Every line of the data below must be output exactly, with images left out.

◆ **The data**:
□ □ □ □

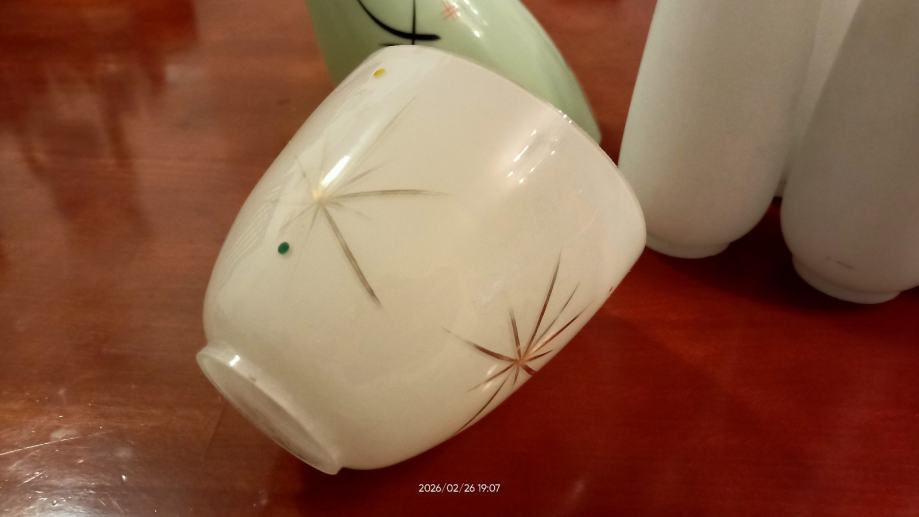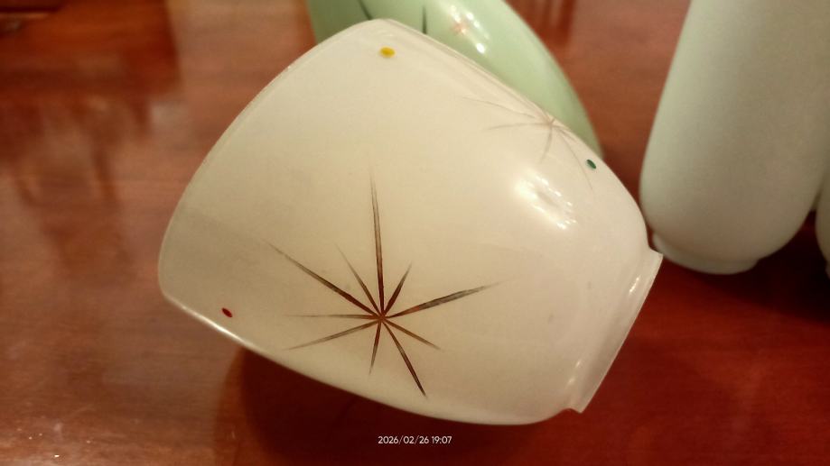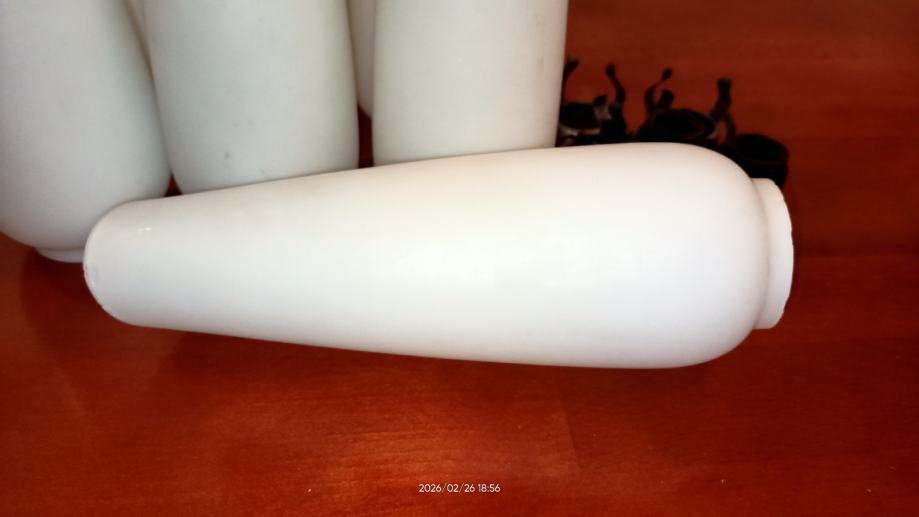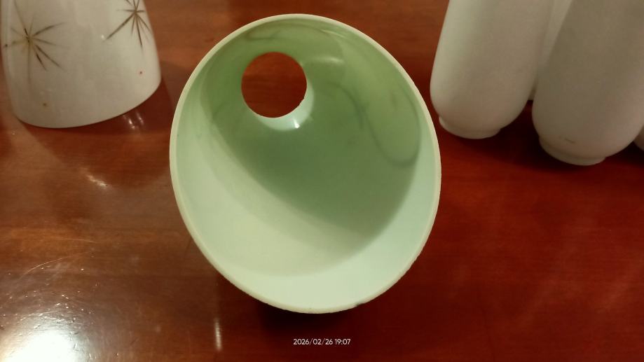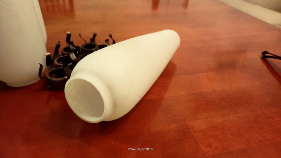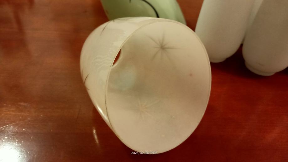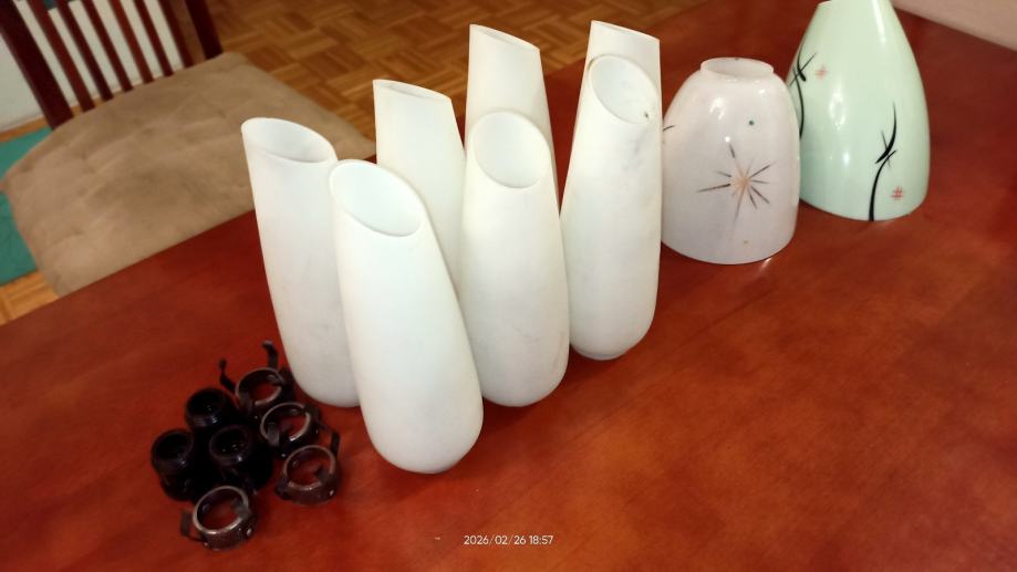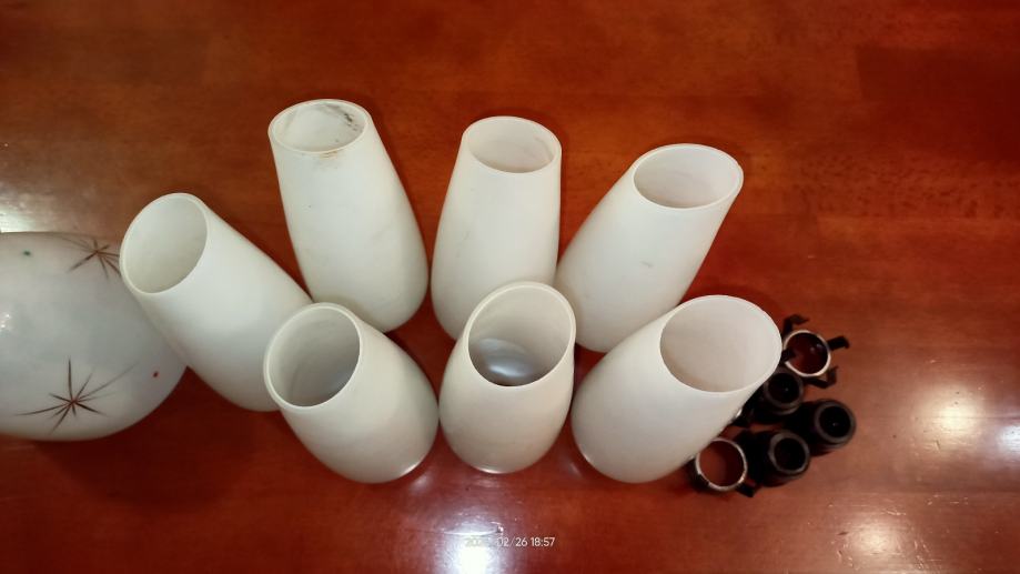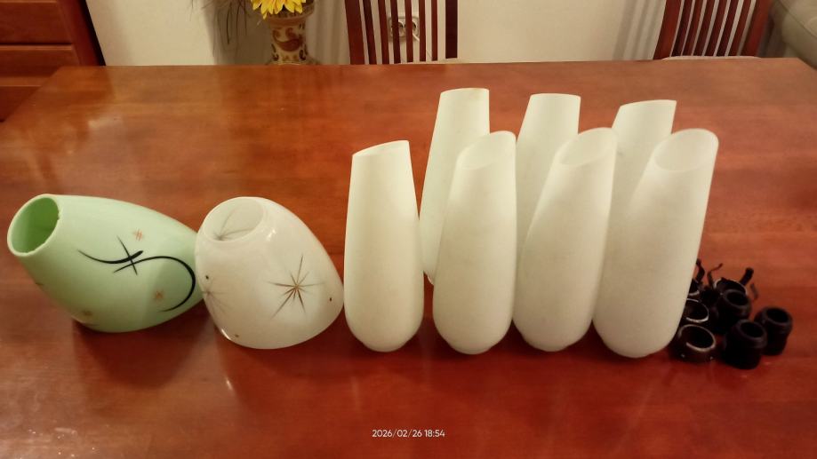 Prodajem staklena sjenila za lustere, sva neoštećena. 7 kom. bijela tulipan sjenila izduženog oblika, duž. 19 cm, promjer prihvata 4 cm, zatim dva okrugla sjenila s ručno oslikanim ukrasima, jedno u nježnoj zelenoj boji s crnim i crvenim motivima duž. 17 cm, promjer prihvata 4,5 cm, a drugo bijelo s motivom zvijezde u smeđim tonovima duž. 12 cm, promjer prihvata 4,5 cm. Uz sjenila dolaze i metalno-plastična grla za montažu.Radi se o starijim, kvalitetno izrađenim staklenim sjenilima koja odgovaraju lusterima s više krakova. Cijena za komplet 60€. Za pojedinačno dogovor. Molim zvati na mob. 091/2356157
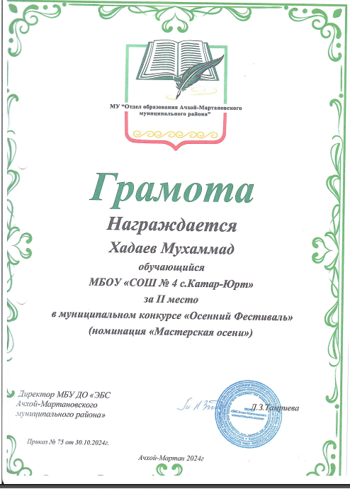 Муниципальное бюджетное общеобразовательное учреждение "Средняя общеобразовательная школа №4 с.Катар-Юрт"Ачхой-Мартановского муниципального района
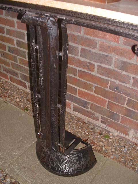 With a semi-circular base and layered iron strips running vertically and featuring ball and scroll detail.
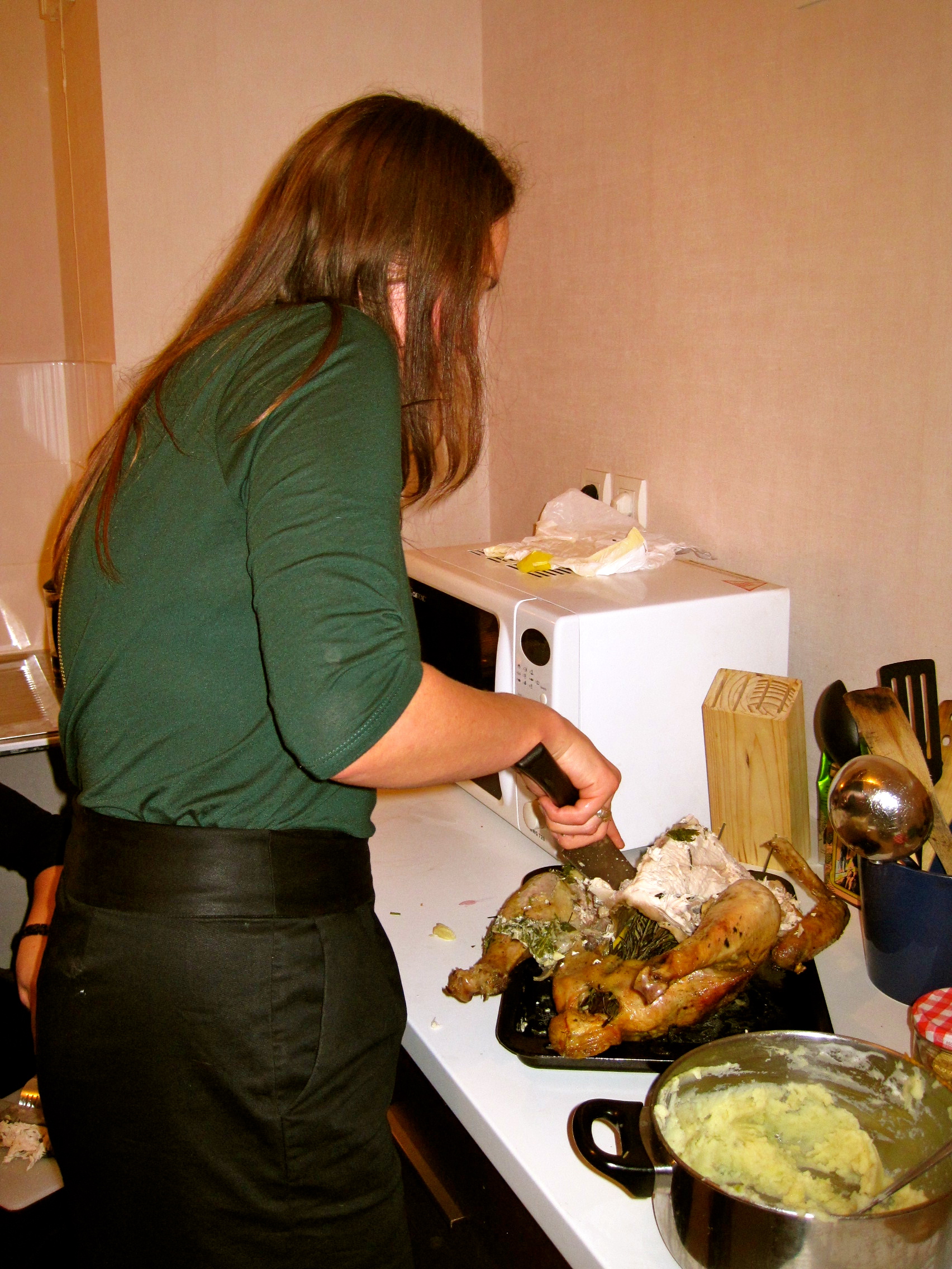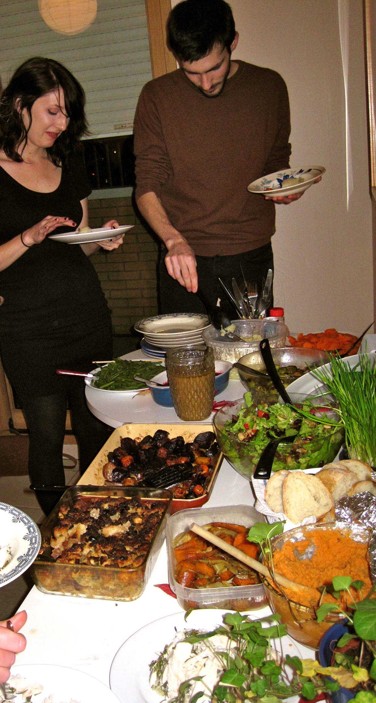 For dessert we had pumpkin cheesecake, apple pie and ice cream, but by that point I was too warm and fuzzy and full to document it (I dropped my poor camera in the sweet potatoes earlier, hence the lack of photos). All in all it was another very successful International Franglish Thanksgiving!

□ □ □ □

◆ **Exercise output**:
 Prodajem staklena sjenila za lustere, sva neoštećena. 7 kom. bijela tulipan sjenila izduženog oblika, duž. 19 cm, promjer prihvata 4 cm, zatim dva okrugla sjenila s ručno oslikanim ukrasima, jedno u nježnoj zelenoj boji s crnim i crvenim motivima duž. 17 cm, promjer prihvata 4,5 cm, a drugo bijelo s motivom zvijezde u smeđim tonovima duž. 12 cm, promjer prihvata 4,5 cm. Uz sjenila dolaze i metalno-plastična grla za montažu.Radi se o starijim, kvalitetno izrađenim staklenim sjenilima koja odgovaraju lusterima s više krakova. Cijena za komplet 60€. Za pojedinačno dogovor. Molim zvati na mob. 091/2356157
 Муниципальное бюджетное общеобразовательное учреждение "Средняя общеобразовательная школа №4 с.Катар-Юрт"Ачхой-Мартановского муниципального района
 With a semi-circular base and layered iron strips running vertically and featuring ball and scroll detail.
 For dessert we had pumpkin cheesecake, apple pie and ice cream, but by that point I was too warm and fuzzy and full to document it (I dropped my poor camera in the sweet potatoes earlier, hence the lack of photos). All in all it was another very successful International Franglish Thanksgiving!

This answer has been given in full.